One of the biggest things Jennifer and I fear with us both living with Multiple Sclerosis was recently realized.
I got out of bed and couldn’t stand up to walk.
Me, Jennifer’s primary caregiver who is the physical force behind her every transfer in and out of her power wheelchair, lost control of my legs, collapsed into the wall and crashed down to my knees. It wasn’t good.
My getting to the bathroom was simultaneously the first and least of my concerns. Sure, I had to go, but more important to me: who was going to help Jennifer when she needed to go?
We’ve gotten through our more than 13 years of marriage because I can help Jennifer with everything she needs.
And just like that, I had absolutely nothing.
It turns out that more than MS was attacking my body. After feeling some sort of sickness coming on New Year’s Eve, it was raging through my body one week later in what an ER doctor soon diagnosed as “viral bronchitis.”
While my MS has stayed somewhat under control since being diagnosed nearly 20 years ago, I never have effectively managed any sickness on top of the MS. Every cold, infection, flu, fever and, now, viral bronchitis instantly amplifies every MS symptom I have.
It’s as though I’ve spent years training my MS to behave, mind its manners and be kind to me. But all it takes is a rambunctious illness to stop by, kind of like a spoiled cousin dropping in for a visit, to rile up my MS and show it the power it has over me.
The numbness in my limbs and chest and the overwhelming feelings of fatigue are instantly out of control, and I lose my abilities to function properly.
Jennifer and I knew that this sickness wasn’t going to quickly go away. So our concern not only was how could I make it through, but what about her?
Fortunately, she has her caregiver Marcus who is available to help during the weekdays, but come evenings and weekends, our care plan wasn’t quite as clear. What to do …
You know how we often talk about the importance of having a strong caregiving team of friends and family and health care professionals? This is where we count our blessings that Jennifer’s mom, Pam, and brother, Steve, were available to do all they could to help us.
They drove the 101.3 miles to our house (I know this exact distance from the years I drove to see Jennifer while we were dating), and they stayed for nearly a week to help with transferring Jennifer, making meals, and taking care of me. All the while they kept checking back with her dad to make sure he was doing fine. We truly could never thank them enough for all they did and continue to do for us.

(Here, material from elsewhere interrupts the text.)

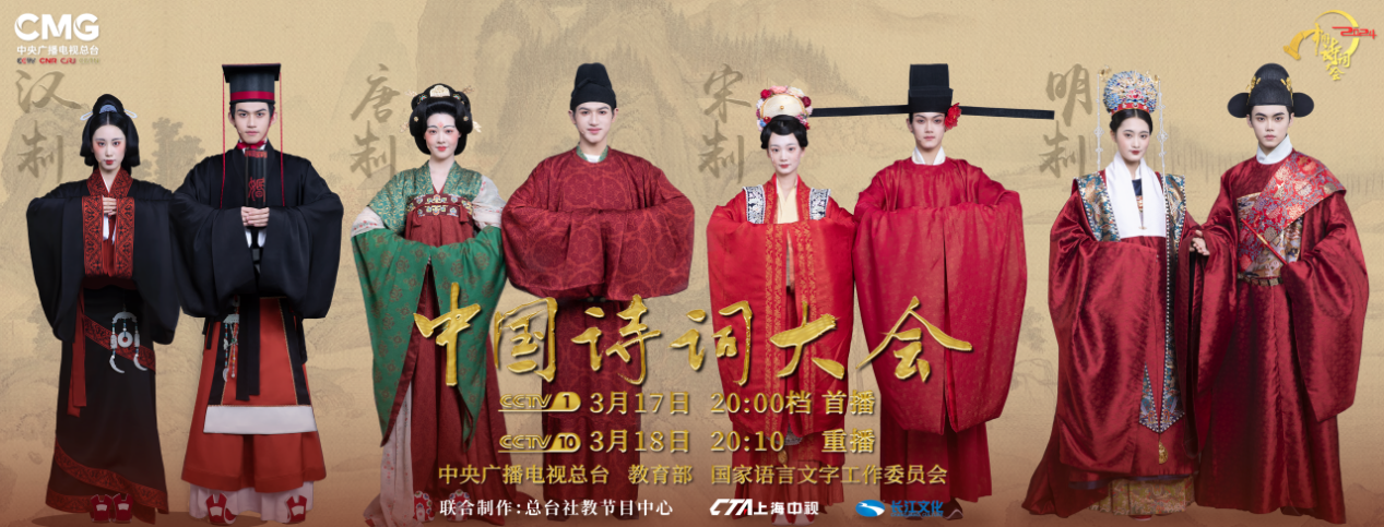 《中国诗词大会》宣传海报,右3、4新人服饰为钱奕帆执行组设计宋代婚服

This kind of sickness isn’t anything you ever can anticipate, but it helps to have plans to know how you’ll respond. We hadn’t had to deal with me getting knocked out of commission in more than three years. After going through it again, we are reminded of what works in our plan and where we need to make adjustments to ensure the best possible care for everyone.
I guess this is another harsh reality of living with MS: Having a chronic disease doesn’t make you exempt from other illnesses. We can spend our time focusing on fighting and treating the MS, but it’s important to keep our eyes open to prepare for related “worst-case” scenarios.
We know now that first on this list is planning for what happens when the MS caregiver gets sick.